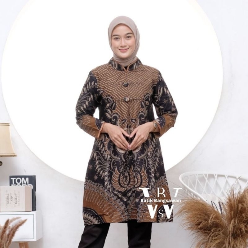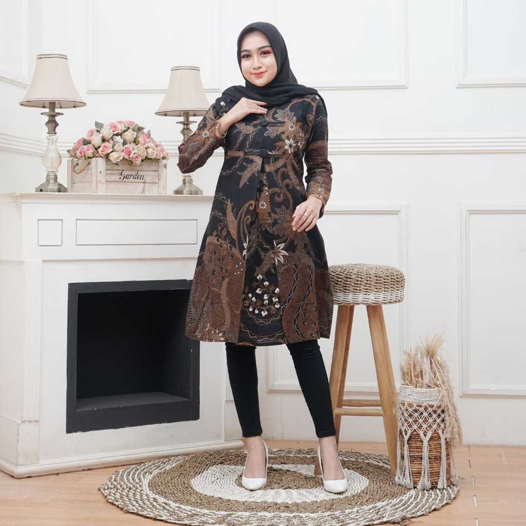 Tunik Batik Wanita Modern Terbaru JUMBO M L XL XXL XXXL Atasan Batik Wanita Seragam Murah
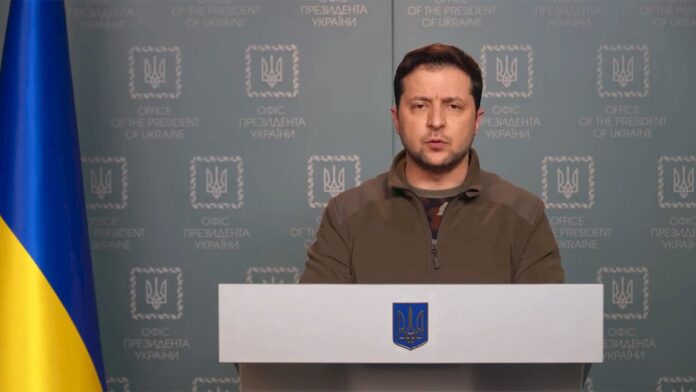 烏克蘭總統澤倫斯基(Volodymyr Zelensky)27日呼籲外國人士幫助烏國抵禦外侮。(翻攝自烏克蘭總統府臉書)
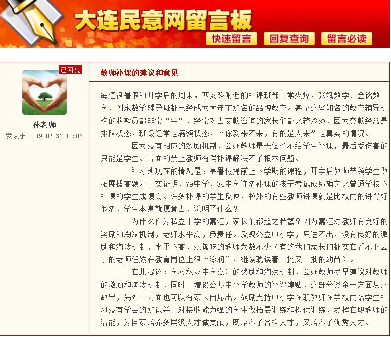 对于在职教师有偿补课现象屡禁不止,市民孙老师建议称:“应学习私立中学嘉汇的奖励和淘汰机制,公办教师尽早建议对教师的激励和淘汰机制,同时,增设公办中小学教师的补课津贴,这部分资金一方面从财政出,另外一方面也可以有家长自愿出。鼓励支持中小学在职教师在学校内给学生补习没有学会的知识,并且对接收能力强的学生做拓展训练和提优训练,发挥在职教师的潜能,为国家培养多层级人才做贡献,既培养了合格人才,又培养了优秀人才。”
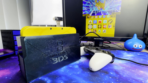 While the 3DS looks stock at a glance, it has already been upgraded internally – there’s a USB-C capture card built in, half-ticking the “monitor output” requirement, and a Raspberry Pi board turns that output into HDMI. Building a charging dock is also pretty simple, with just two contacts on the side that desire 5V. Now, the pro controller support was a fair bit harder – requiring an internal modchip for emulating buttons, and trying out receiver boards for the Switch controller until a well-functioning one was found.

● ● ● ● ●

*What the task requires*
Beginning at the line that contains "烏克蘭總統澤倫斯基(Volo", retype each line of the data above through the very last one. Do not retype the pictures.

*Solution below*
 烏克蘭總統澤倫斯基(Volodymyr Zelensky)27日呼籲外國人士幫助烏國抵禦外侮。(翻攝自烏克蘭總統府臉書)
 对于在职教师有偿补课现象屡禁不止,市民孙老师建议称:“应学习私立中学嘉汇的奖励和淘汰机制,公办教师尽早建议对教师的激励和淘汰机制,同时,增设公办中小学教师的补课津贴,这部分资金一方面从财政出,另外一方面也可以有家长自愿出。鼓励支持中小学在职教师在学校内给学生补习没有学会的知识,并且对接收能力强的学生做拓展训练和提优训练,发挥在职教师的潜能,为国家培养多层级人才做贡献,既培养了合格人才,又培养了优秀人才。”
 While the 3DS looks stock at a glance, it has already been upgraded internally – there’s a USB-C capture card built in, half-ticking the “monitor output” requirement, and a Raspberry Pi board turns that output into HDMI. Building a charging dock is also pretty simple, with just two contacts on the side that desire 5V. Now, the pro controller support was a fair bit harder – requiring an internal modchip for emulating buttons, and trying out receiver boards for the Switch controller until a well-functioning one was found.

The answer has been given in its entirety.